### ABOUT THIS EXERCISE
Could you output only the lines from the one containing "Glæsileg íbúð á" through the last line of the data, both included?

Segment Start: THE DATA

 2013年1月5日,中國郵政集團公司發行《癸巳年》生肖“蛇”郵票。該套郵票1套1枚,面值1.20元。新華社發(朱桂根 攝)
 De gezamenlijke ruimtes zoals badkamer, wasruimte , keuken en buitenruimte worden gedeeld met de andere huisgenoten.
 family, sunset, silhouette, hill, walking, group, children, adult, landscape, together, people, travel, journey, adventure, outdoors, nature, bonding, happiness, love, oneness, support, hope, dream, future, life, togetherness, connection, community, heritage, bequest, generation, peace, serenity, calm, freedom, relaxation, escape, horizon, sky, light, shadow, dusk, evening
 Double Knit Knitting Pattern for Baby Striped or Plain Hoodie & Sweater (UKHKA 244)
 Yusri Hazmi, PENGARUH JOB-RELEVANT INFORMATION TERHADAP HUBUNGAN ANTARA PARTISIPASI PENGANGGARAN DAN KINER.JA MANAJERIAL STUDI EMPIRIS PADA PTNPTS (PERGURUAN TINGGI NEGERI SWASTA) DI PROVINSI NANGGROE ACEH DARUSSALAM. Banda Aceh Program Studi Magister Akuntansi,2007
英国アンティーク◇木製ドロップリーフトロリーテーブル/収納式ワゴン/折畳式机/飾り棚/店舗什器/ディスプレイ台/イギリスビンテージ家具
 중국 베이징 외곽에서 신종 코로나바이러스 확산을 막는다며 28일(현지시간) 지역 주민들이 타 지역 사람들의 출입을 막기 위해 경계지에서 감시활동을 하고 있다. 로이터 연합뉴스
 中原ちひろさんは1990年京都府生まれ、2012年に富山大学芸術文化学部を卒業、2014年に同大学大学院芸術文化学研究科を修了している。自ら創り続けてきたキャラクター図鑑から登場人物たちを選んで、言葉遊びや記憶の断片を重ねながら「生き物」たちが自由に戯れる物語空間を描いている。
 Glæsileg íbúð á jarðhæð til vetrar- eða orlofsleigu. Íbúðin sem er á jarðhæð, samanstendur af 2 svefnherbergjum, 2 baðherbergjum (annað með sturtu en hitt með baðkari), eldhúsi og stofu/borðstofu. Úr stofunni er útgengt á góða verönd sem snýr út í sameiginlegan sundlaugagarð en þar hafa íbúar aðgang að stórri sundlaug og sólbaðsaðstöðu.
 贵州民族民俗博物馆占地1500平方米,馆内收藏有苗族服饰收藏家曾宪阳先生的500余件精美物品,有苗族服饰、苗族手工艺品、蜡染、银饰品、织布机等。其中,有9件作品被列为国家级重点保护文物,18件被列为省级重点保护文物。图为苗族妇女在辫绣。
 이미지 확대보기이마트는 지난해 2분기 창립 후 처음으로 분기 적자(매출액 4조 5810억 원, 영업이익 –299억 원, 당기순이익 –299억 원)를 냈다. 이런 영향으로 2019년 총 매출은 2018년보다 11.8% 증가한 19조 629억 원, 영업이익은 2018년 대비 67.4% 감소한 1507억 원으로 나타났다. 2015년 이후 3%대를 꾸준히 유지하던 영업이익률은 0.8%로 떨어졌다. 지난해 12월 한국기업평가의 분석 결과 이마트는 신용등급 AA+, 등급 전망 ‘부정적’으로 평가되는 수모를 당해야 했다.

Segment End: THE DATA

### TASK ANSWER
 Glæsileg íbúð á jarðhæð til vetrar- eða orlofsleigu. Íbúðin sem er á jarðhæð, samanstendur af 2 svefnherbergjum, 2 baðherbergjum (annað með sturtu en hitt með baðkari), eldhúsi og stofu/borðstofu. Úr stofunni er útgengt á góða verönd sem snýr út í sameiginlegan sundlaugagarð en þar hafa íbúar aðgang að stórri sundlaug og sólbaðsaðstöðu.
 贵州民族民俗博物馆占地1500平方米,馆内收藏有苗族服饰收藏家曾宪阳先生的500余件精美物品,有苗族服饰、苗族手工艺品、蜡染、银饰品、织布机等。其中,有9件作品被列为国家级重点保护文物,18件被列为省级重点保护文物。图为苗族妇女在辫绣。
 이미지 확대보기이마트는 지난해 2분기 창립 후 처음으로 분기 적자(매출액 4조 5810억 원, 영업이익 –299억 원, 당기순이익 –299억 원)를 냈다. 이런 영향으로 2019년 총 매출은 2018년보다 11.8% 증가한 19조 629억 원, 영업이익은 2018년 대비 67.4% 감소한 1507억 원으로 나타났다. 2015년 이후 3%대를 꾸준히 유지하던 영업이익률은 0.8%로 떨어졌다. 지난해 12월 한국기업평가의 분석 결과 이마트는 신용등급 AA+, 등급 전망 ‘부정적’으로 평가되는 수모를 당해야 했다.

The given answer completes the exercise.